The Tax Working Group's recommendations to the Government were released today. The group's key recommendations are:
• The company, top personal and trust tax rates should be aligned to improve integrity. "At the very least the trustee rate, top personal tax rate and rates for savings vehicles need to be aligned," says the report.
• The company tax rate needs to be competitive with other country's rates, particularly that in Australia. Balancing this factor against the integrity benefits of a fully aligned system will guide choices between an aligned and non-aligned system.
• The top personal tax rates should be reduced as part of an alignment strategy and to help growth.

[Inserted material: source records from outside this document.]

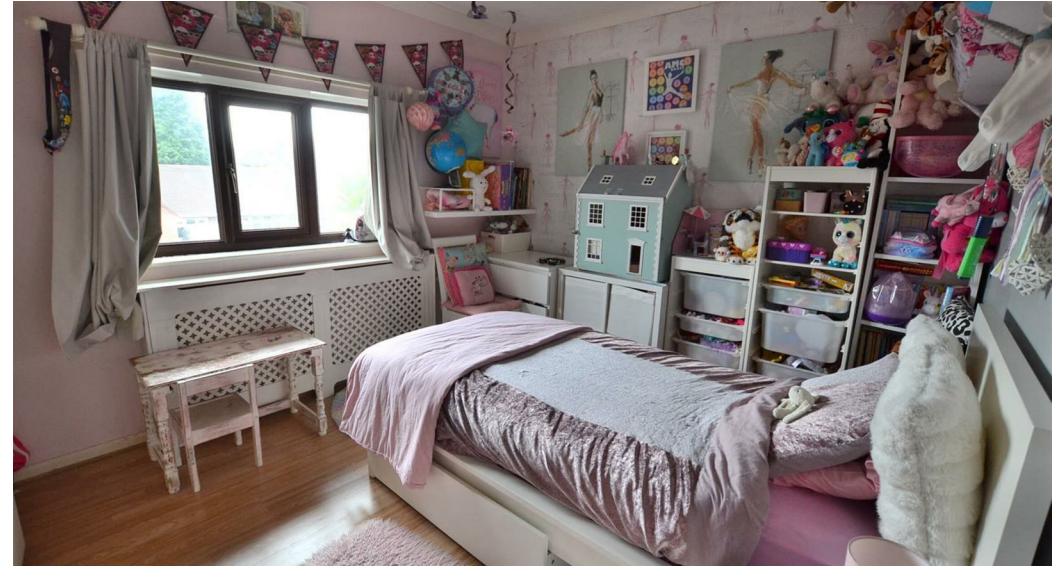
48 The Meadows, Shepshed, Leicestershire, LE12 9QN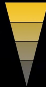
Figure 6.2: Brightness Adjustment Levels. This image details the 10 levels of adjustable backlight brightness and 4 levels of front display brightness.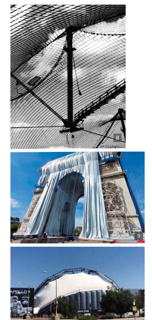
Figure 8: The flying mast, an invention of Frei Otto and his team. Figure 9: The wrapping of the l'Arc the Triomphe. Intermediate situation. Figure 10: Lunar Dome.

Dipl.Ing. Jörg Tritthardt, büro für leichtbau The special guest session was a long film entitled "L'Arc de Triomphe, Wrapped", a description of the implementation of the temporary artwork for Paris projected by Christo and Jean-Claude and engineered by "büro für leichtbau" and sbp. The Arc de Triomphe was protected and wrapped in 25.000m<sup>2</sup> of recyclable polypropylene fabric and 3.000m of red rope. A pre-assembly was done on a scaffolding structure, which resulted in some changes. An auxiliary steel structure protected the monument and its sculptures before wrapping. Several particularities of the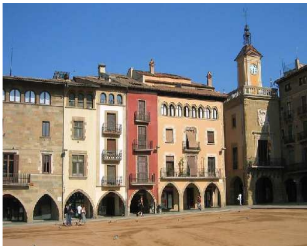
" Plaça Major de Vic "

Vic, capital city of the region of Osona. It is a city full of history, markets, fairs, gastronomy and cultural vitality gave its special attractive. The long history of the city bites all over it, streets, squares, historical center,...they have all style arquitectonical buildings like Roman Temple, the Pere III walls or the Cathedral.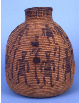
Title: Basket Date: c. 1880 Primary Maker: Apache Medium: woven sumac, devil's claw, and split willow with leather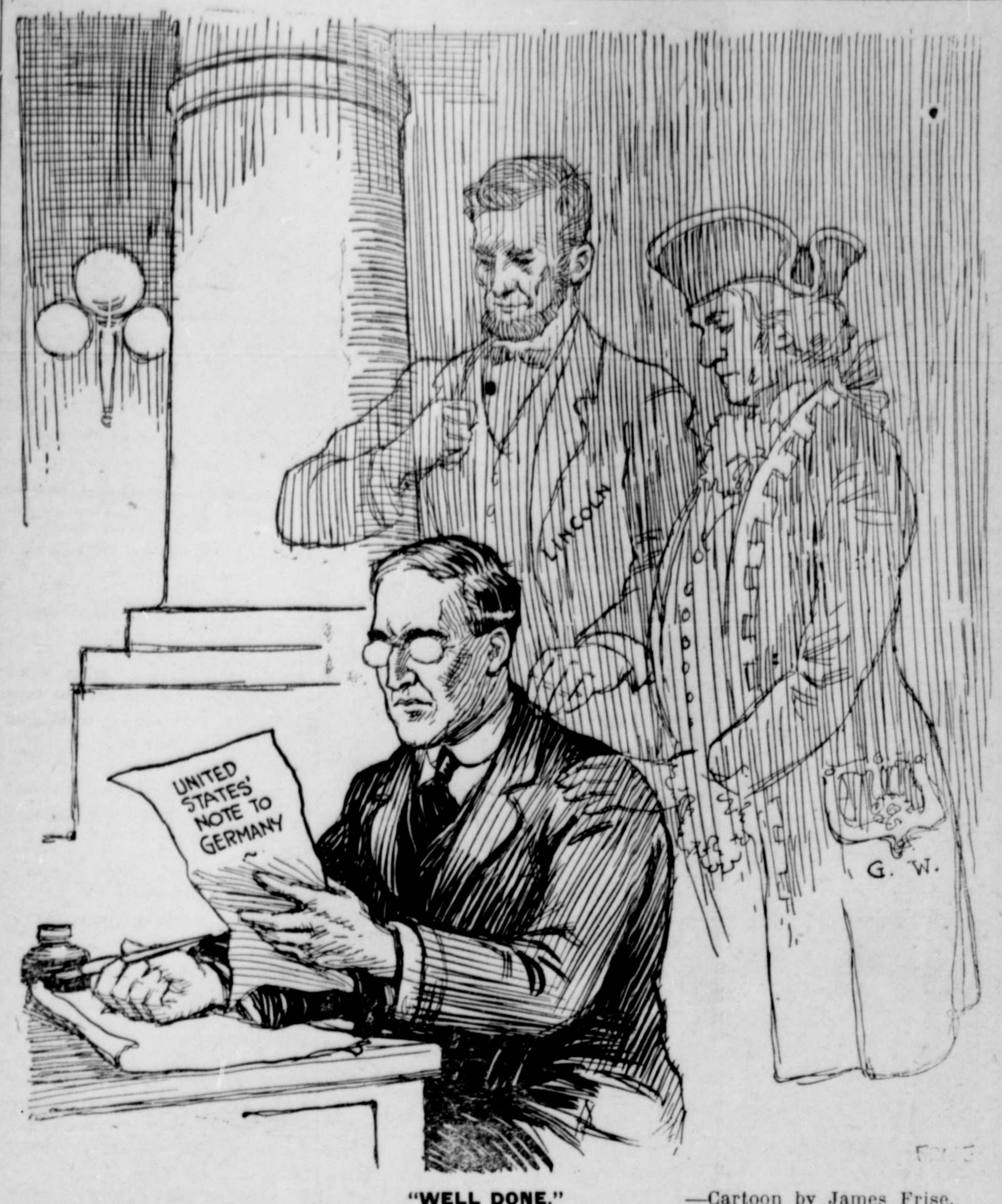
"WELL DONE."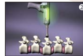
2 As the adjustment thrust is delivered, the precise amount of spinal motion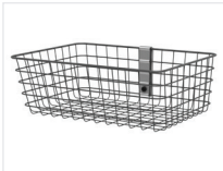
LARGE WIRE BASKET DARK GREY 98-135-282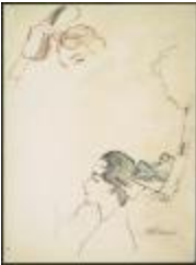
Women Using Hair Color Selector and Pinking Machine (KA0038_000090)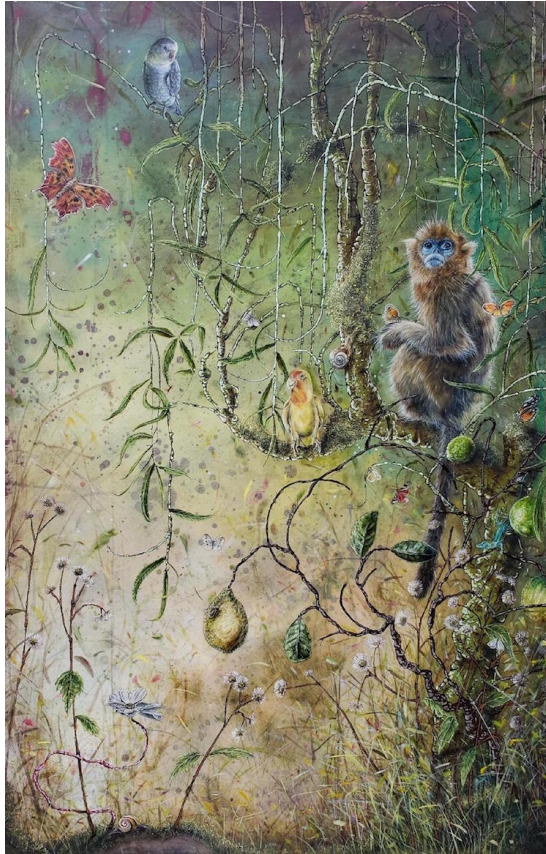
"under the willows"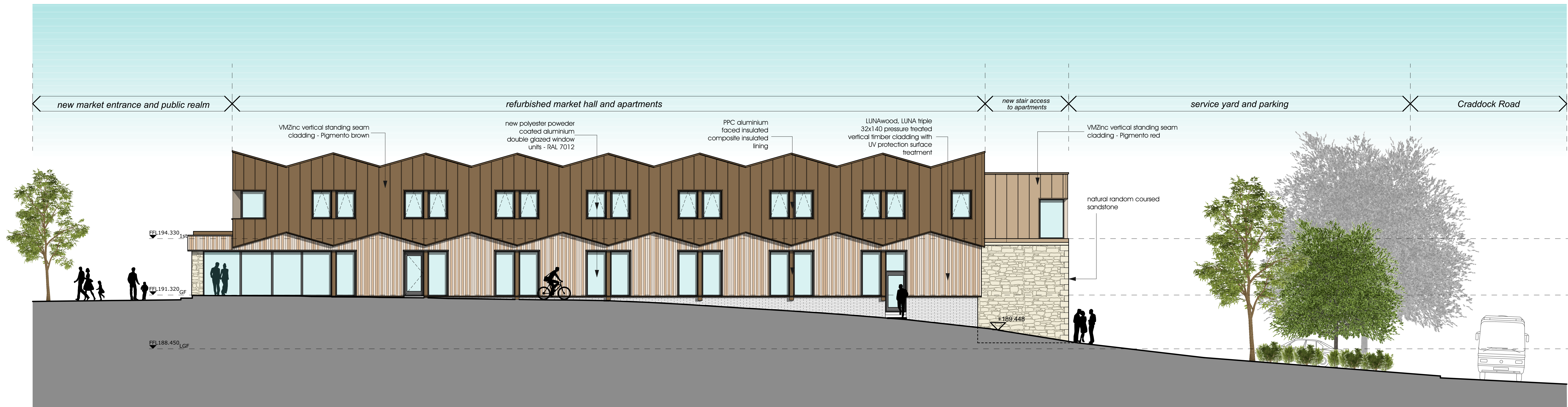
west elevation 1:100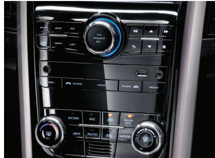
PIANO BLACK CENTRE CONSOLE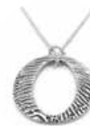
Eternity 20" $480

A reduction in personal tax rates across-the-board could be achieved as part of a package to compensate for any increase in GST.
• Increasing GST to 15 per cent would have merit on efficiency grounds, but any increase in the GST rate would require compensation to those on lower incomes, and the current GST base should be maintained.
• 'Base-broadening' is required to address some existing biases, to improve the system's efficiency and sustainability, and is necessary to maintain revenue levels if corporate and personal tax rates are reduced.
The majority of the TWG support detailed consideration of taxing returns from capital invested in residential rental properties on the basis of a 'risk-free rate of return' method.
• Most members of the group 'support the introduction of a low-rate land tax as a means of funding other tax rate reductions'.
• The Group also suggests a number of 'targeted options for base-broadening' should be considered for introduction relatively quickly.
These include: removing the 20 per cent depreciation loading on plant and equipment; removing tax depreciation on buildings if evidence shows they do not depreciate in value and; changing the thin capitalisation rules for foreign-owned companies.